§ Task description:
Transcribe exactly, and only, the lines running from the one that contains "16, 2026 ไม่มีความเห็น" through the last line of the material. No pictures.
[[ Records shown open ]]
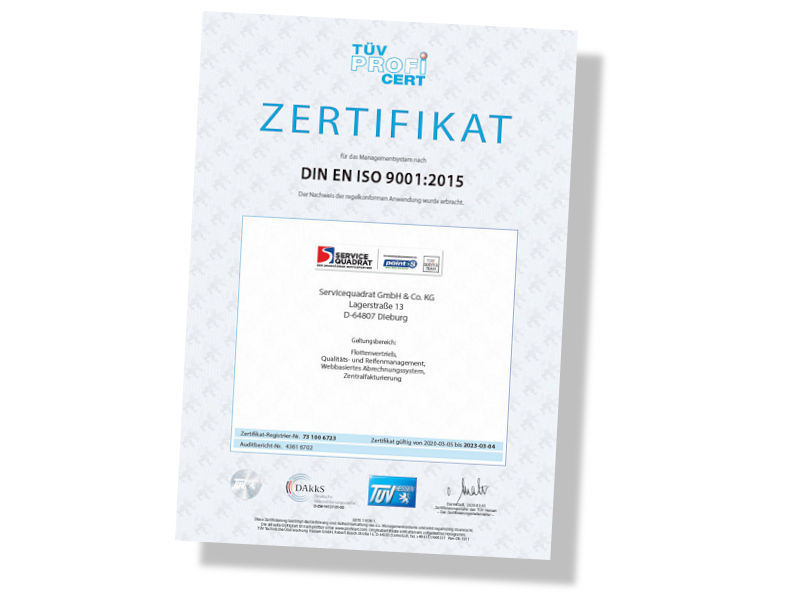 Die Servicequadrat GmbH & Co. KG (Dieburg) stellt seit vielen Jahren ihre Qualität immer wieder auf den Prüfstand des TÜV Hessen. Die Organisation hat der gemeinsamen Tochtergesellschaft der beiden Reifenhandelsverbünde Point S und Top Service Team demnach auch für 2020 die Zertifizierung gemäß DIN EN ISO 9001:2015 bestätigt, die Unternehmen zu einer Steigerung ihrer Leistungsfähigkeit und Erhöhung der Kundenzufriedenheit verpflichte. Auditiert wurden Servicequadrat zufolge die Bereiche Flottenvertrieb, Qualitäts-und Reifenmanagement, das webbasierte Abrechnungssystem sowie die Zentralfakturierung. „Das Siegel zeigt erneut, dass wir uns bei den rechtlichen, technischen und organisatorischen Anforderungen für den Bereich des Reifen- und Autoservice kontinuierlich verbessert haben. Gleichzeitig sichert es unseren Kunden zu, dass wir in der Zusammenarbeit auf einheitliche Verfahrensweisen zurückgreifen“, sagt Servicequadrat-Geschäftsführer Karl-Heinz Kuhfuss. „Die Ergebnisse des aktuellen Audits zeigen einen klaren Weg der kontinuierlichen Verbesserung aller Prozesse bei uns“, ergänzt er. Das aktuelle Zertifikat ist nun bis März 2023 gültig, muss allerdings jährlich im Rahmen eines Überwachungsaudits bestätigt werden. Auf Basis besagter Norm werden bei Servicequadrat mit seinem Netzwerk von deutschlandweit rund 1.100 Servicestationen auch alle angeschlossenen Betriebe überprüft. Dieses interne Verfahren ist jedoch keine Zertifizierung durch den TÜV und wird auf freiwilliger Basis durchgeführt. cm
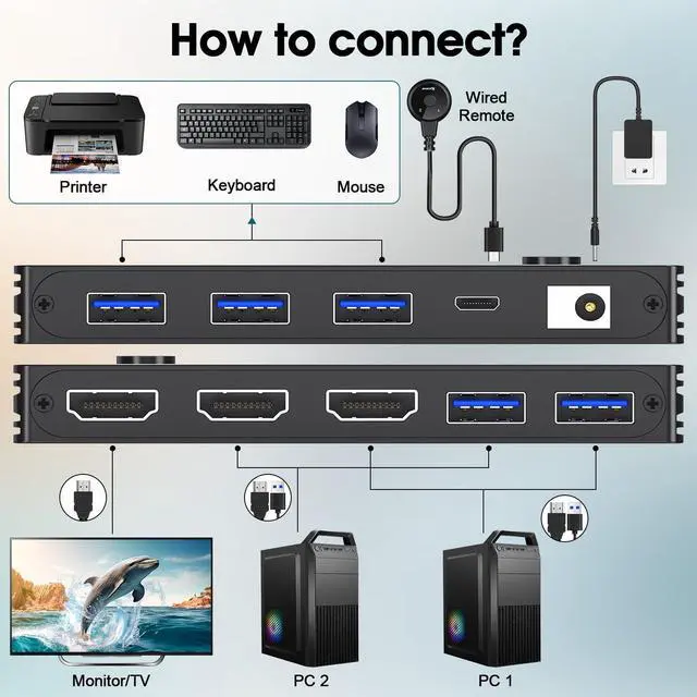 Note: This 2 computers 1 monitor KVM switch does not support hotkey switching. ^^ 8K HDMI KVM Switch with Great Compatibility HDMI 2.1 KVM Switch driver-free, plug and play. Powered by USB 3.0 cables, no external power required. This HDMI 2.1 USB 3.0 Switch can adaptive to EDID, which makes image transmission more stable and more smoothly.
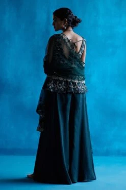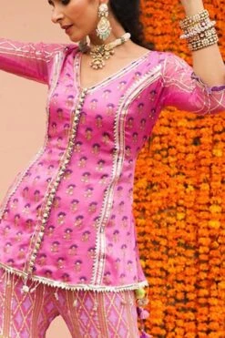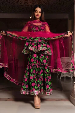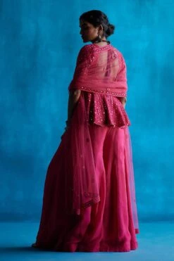 Hot Pink Mirror Flared Sharara With Green Chantily Multicolor Mirrorwork Blouse & Dupatta
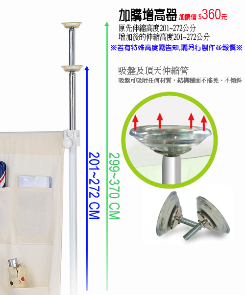2. 可加購頂天增高器,克服天花板過高的地形,原伸縮高度為201~272公分,加購後伸縮的高度為299~370公分。 (※若有特殊高度需告知,需另行製作並報價)。
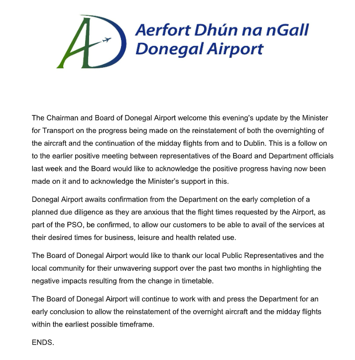 The Board of Donegal Airport says it will continue to work with and press the Department of Transport for an early conclusion to allow the reinstatement of the overnight aircraft and the midday flights between Dublin and Donegal within the earliest possible timeframe.
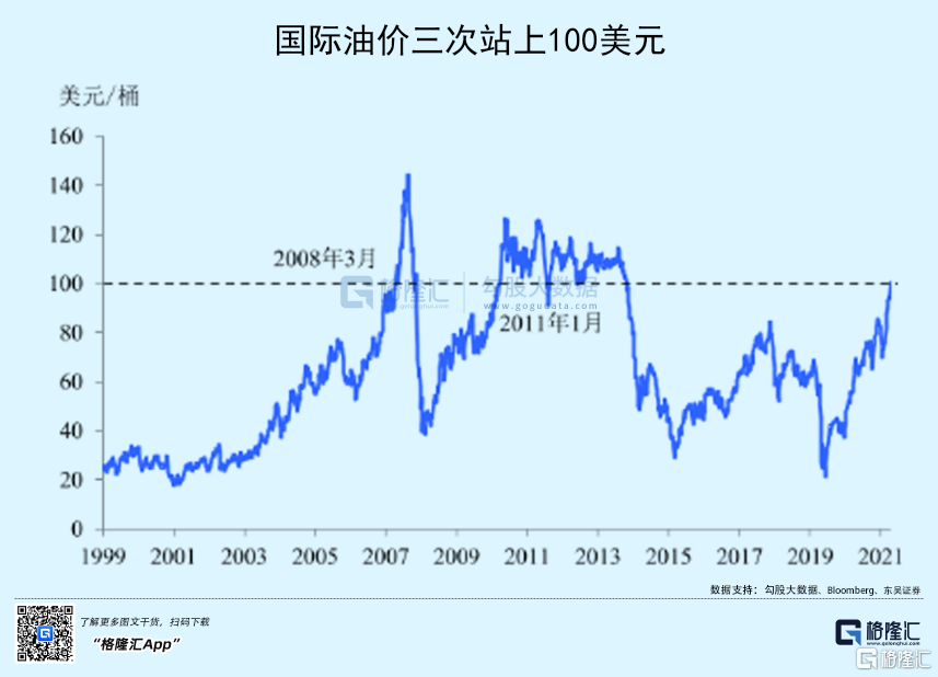 回顾历史,国家油价分别在2008年和2011年突破过100美元,同样都是有地缘政治危机火上浇油推动。而这两次油价在冲破100后,都没有立刻转头下跌。
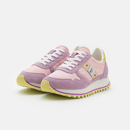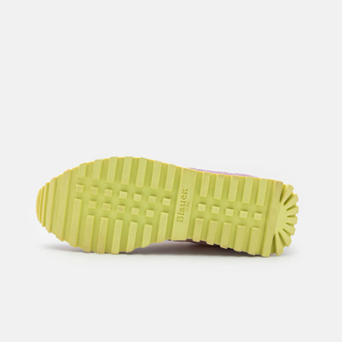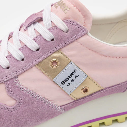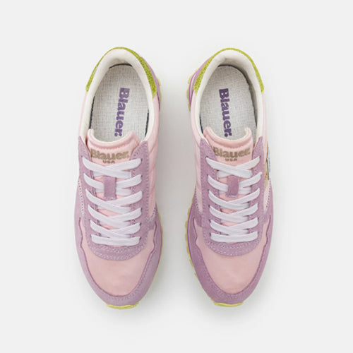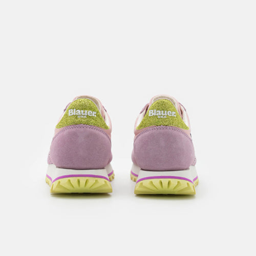 Deportiva de la marca Blauer en color rosa pastel. Fabricada con piezas de corte en material tejido técnico y piel nobuk. Combinación de colores en malva y verde flúor. Contrafuerte en glitter verde flúor. Detalle de la marca en el lateral sobre tira en color platino y en el contrafuerte del modelo. Piso tricolor. Suela de goma.
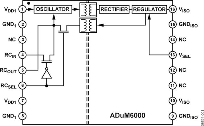 通過使用isoPower®,ADuM6000可增強ADuM5401、ADuM5402、ADuM5403、ADuM5404、ADuM520x和ADuM620x iCoupler的功率輸出水平。isoPower®使用高頻開關元件通過變壓器傳輸電力。在印刷電路板(PCB)布局方面必須特別注意以滿足排放標準。有關板布局建議,請參見AN-0971應用筆記。
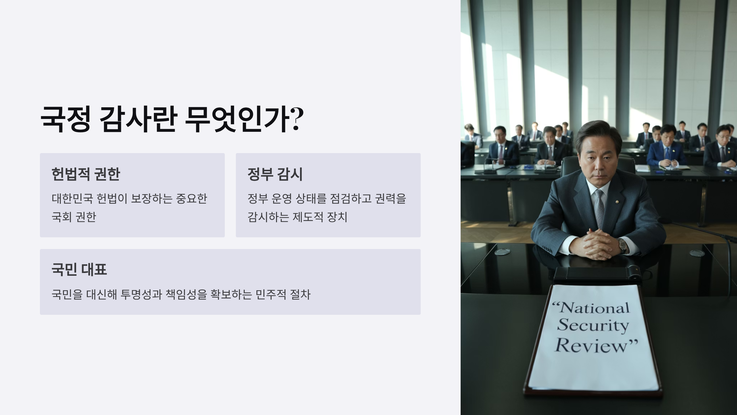 국정 감사는 국민의 권리를 보호하고 공공 권력을 감시하는 제도적 장치로 중요한 의의를 가짐.
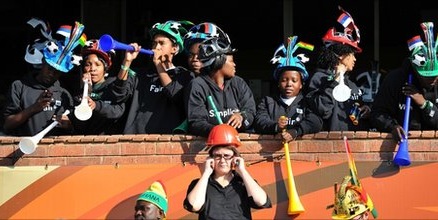 Sin duda, el sonido de 30 o 40.000 espectadores excitados soplando con todas sus fuerzas unas trompetas de plástico llamadas Vuvuzelas, que todos conocemos ya tras el uso masivo de estas en los partidos del mundial de fútbol de Sudafrica y que tantas noticas por exceso de ruido están generando puede provocar diversas molestias y hasta perdida auditiva por su exposición continuada, pero una masa sonora en constante movimiento de estas características , aleatoria y que se origina en un mismo espacio es algo sorprendente, pero sobre todo y lo mas espectacular e interesante para mi es como de forma colectiva, como conducta social, sin intención alguna de provocarlo y sin ningún tipo de conductor se genera y nace un nuevo y hasta la fecha nunca elaborado paisaje sonoro, concierto multifocal, instalación site specific o como le queramos llamar tan espectacular y compleja de 90 minutos de duración. Me parece una experiencia increible.Otro efecto que pienso que va a provocar el uso y comercio de la vavuzela en masa será el empleo de esta en todos los países del mundo, incorporándose de forma natural en todas las culturas y en el espacio público para múltiples celebraciones, manifestaciones, eventos, fiestas o reuniones.
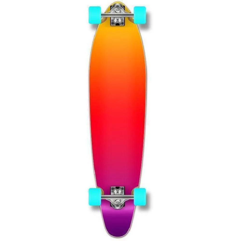 This Pink color scheme with the kicktail longboard utilizes different hues of green, blue, and yellow in a fashion that is reminiscent of an early summer morning.
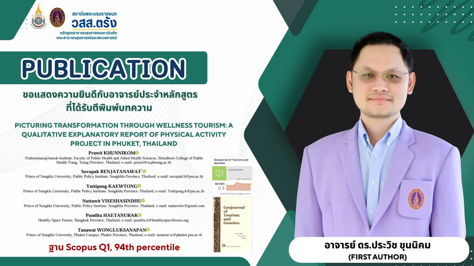 อาจารย์ ขอแสดงความยินดีกับอาจารย์ประจำหลักสูตรที่ได้รับตีพิมพ์บทความPICTURING TRANSFORMATION THROUGH WELLNESS TOURISM: AQUALITATIVE EXPLANATORY REPORT OF PHYSICAL ACTIVITYPROJECT IN PHUKET, THAILAND กุมภาพันธ์ 16, 2026 ไม่มีความเห็น
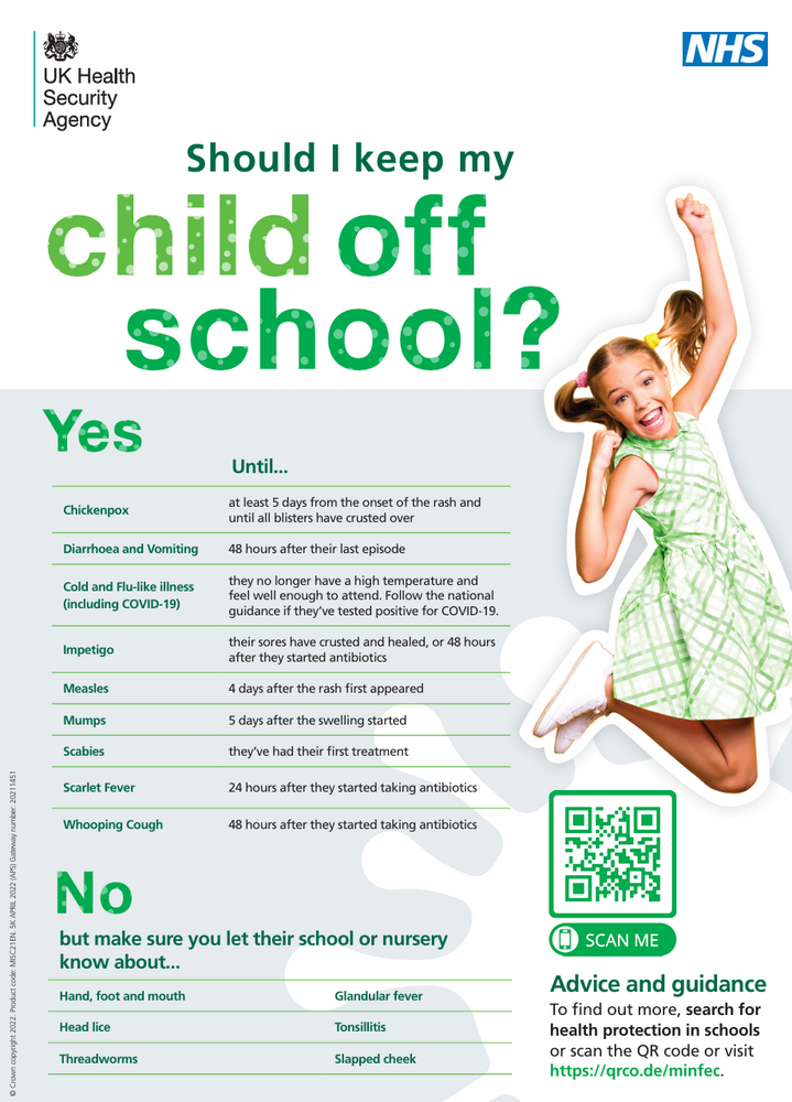 If you are unsure if your child’s illness allows them to attend school, please see the following NHS advice and read our Administration of Medicines Policy. You will find information about conditions that are infectious or contagious and what to do in terms of absence.
[[ Records shown closed ]]
§ Task response:
 อาจารย์ ขอแสดงความยินดีกับอาจารย์ประจำหลักสูตรที่ได้รับตีพิมพ์บทความPICTURING TRANSFORMATION THROUGH WELLNESS TOURISM: AQUALITATIVE EXPLANATORY REPORT OF PHYSICAL ACTIVITYPROJECT IN PHUKET, THAILAND กุมภาพันธ์ 16, 2026 ไม่มีความเห็น
 If you are unsure if your child’s illness allows them to attend school, please see the following NHS advice and read our Administration of Medicines Policy. You will find information about conditions that are infectious or contagious and what to do in terms of absence.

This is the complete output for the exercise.